Connected to the article, this paper Hive related art cleaning and calculated to complete the data
A storage. Raw log information
Table hive supports regular expression way to store and read, as follows:
CREATE EXTERNAL TABLE nginxlog ( ip STRING, time STRING, request STRING, status STRING, size STRING, referer STRING, agent STRING) ROW FORMAT SERDE 'org.apache.hadoop.hive.serde2.RegexSerDe' WITH SERDEPROPERTIES ( "input.regex" = "([^ ]*) (\\[[^\\]]*\\]) (\"[^\"]*\") (-|[0-9]*) (-|[0-9]*) (\"[^ ]*\") (\"[^\\\"]*\")" ) STORED AS TEXTFILE LOCATION '/test' ;
Our access.log log data format is as follows:
192.168.111.1 [29/Jul/2019:19:58:55 +0800] "GET /big.png?url=http://127.0.0.1/a.html&urlname=a.html&scr=1366x768&ce=1&cnv=0.6735760053703803&ref=http://127.0.0.1/b.html&stat_uv=67256303183188720208&stat_ss=6553789412_7_1564401535833 HTTP/1.0" 200 37700 "http://127.0.0.1/a.html" "Mozilla/5.0 (Windows NT 10.0; WOW64) AppleWebKit/537.36 (KHTML, like Gecko) Chrome/63.0.3239.132 Safari/537.36"
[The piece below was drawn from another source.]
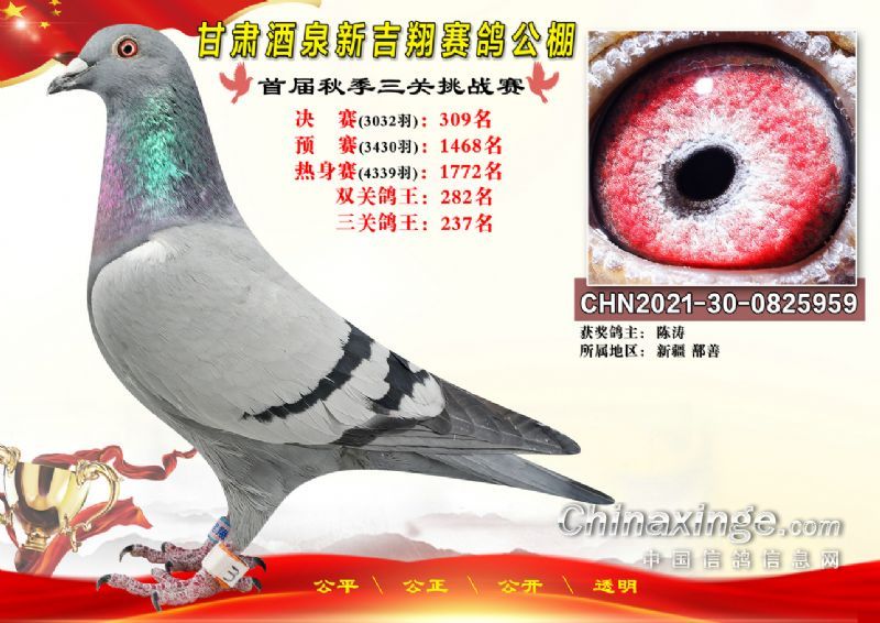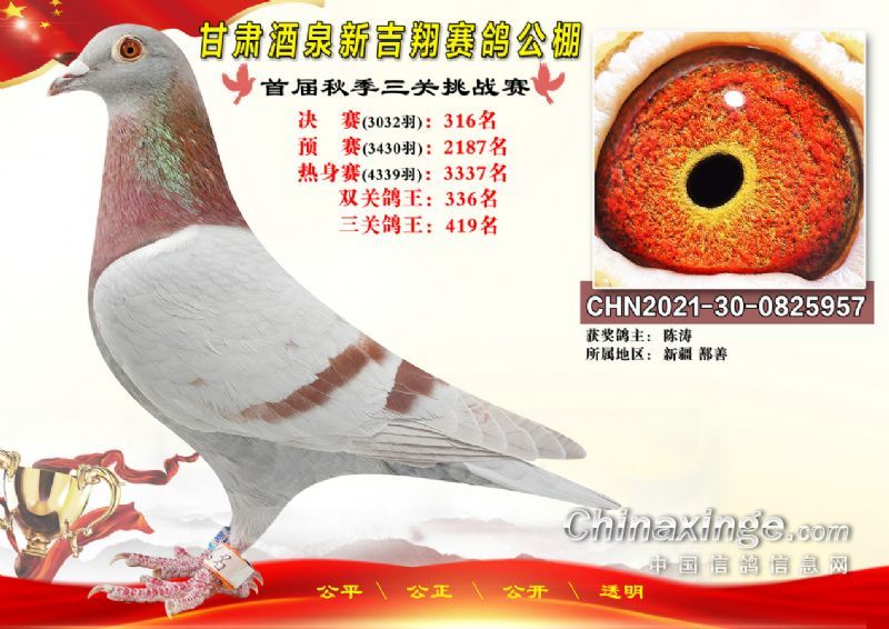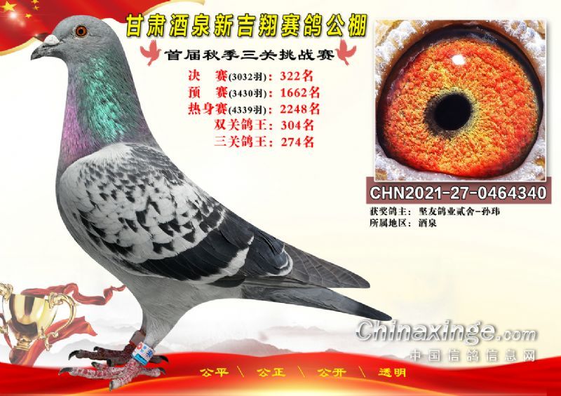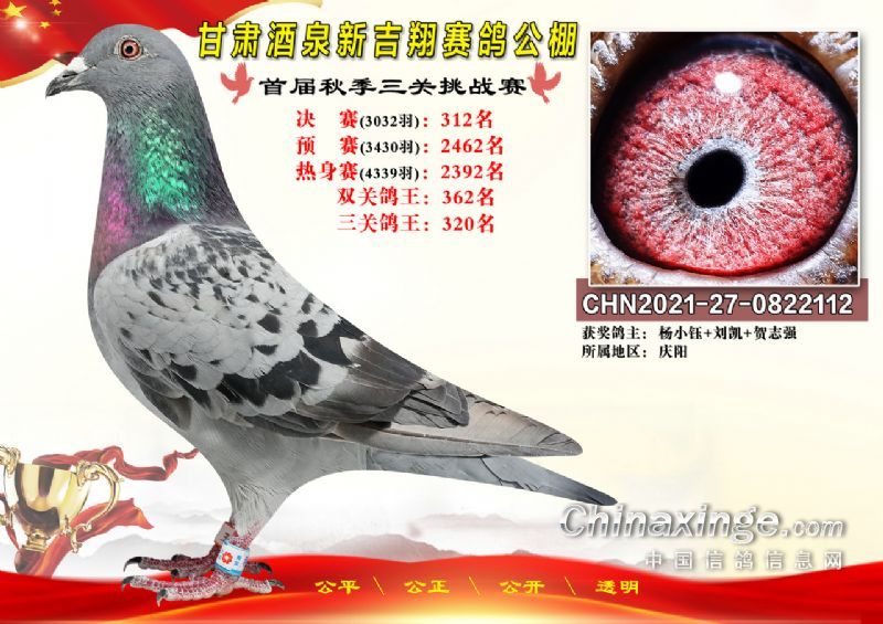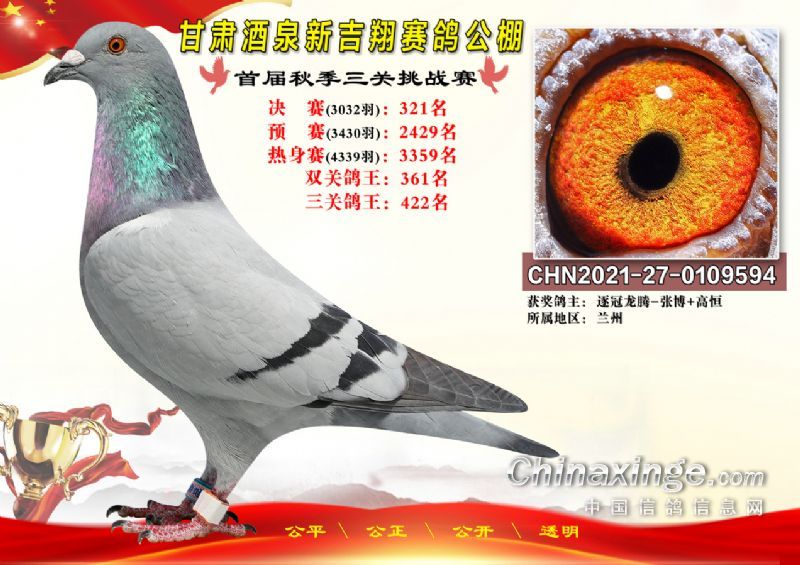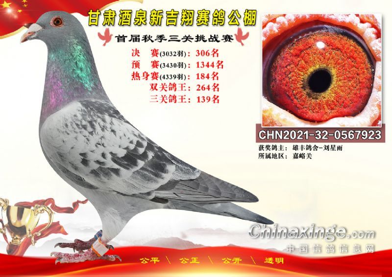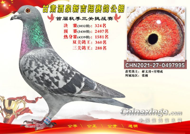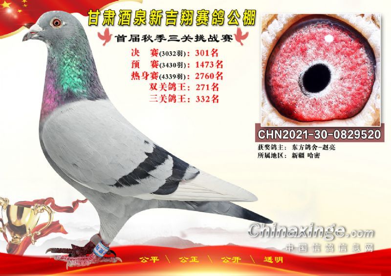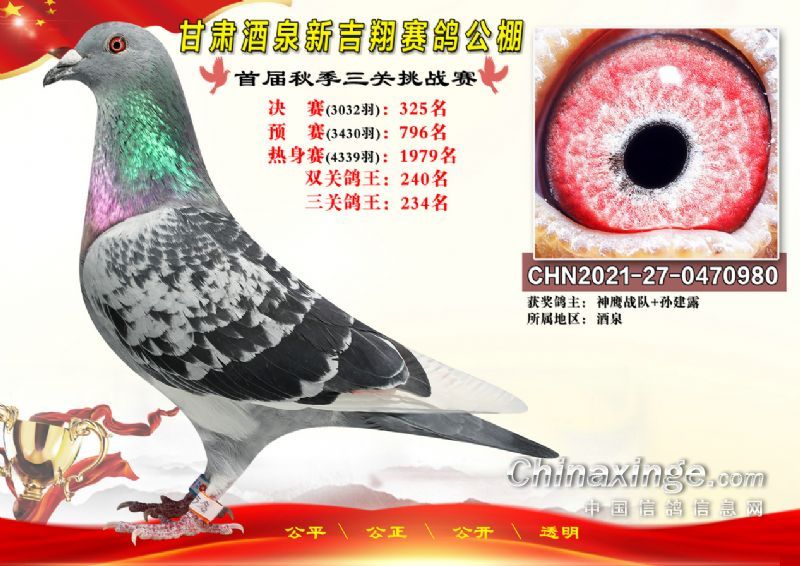 甘肃酒泉新吉翔赛鸽公棚500公里决赛获奖鸽照片(301-385名)

So build regular expression table statement
([^] *) (\\ [[^ \\]] * \\]) (\ "[^ \"] * \ ") (- | [0-9] *) (- | [0-9 ] *) (\ "[^] * \") (\ "[^ \\\"] * \ ") and above must match the data,
first of all have to understand this regular expression matching in each packet significance:
([^] *) // which matches any character other than a space, in ^ bracket expression, it does not accept the time it represents a set of characters.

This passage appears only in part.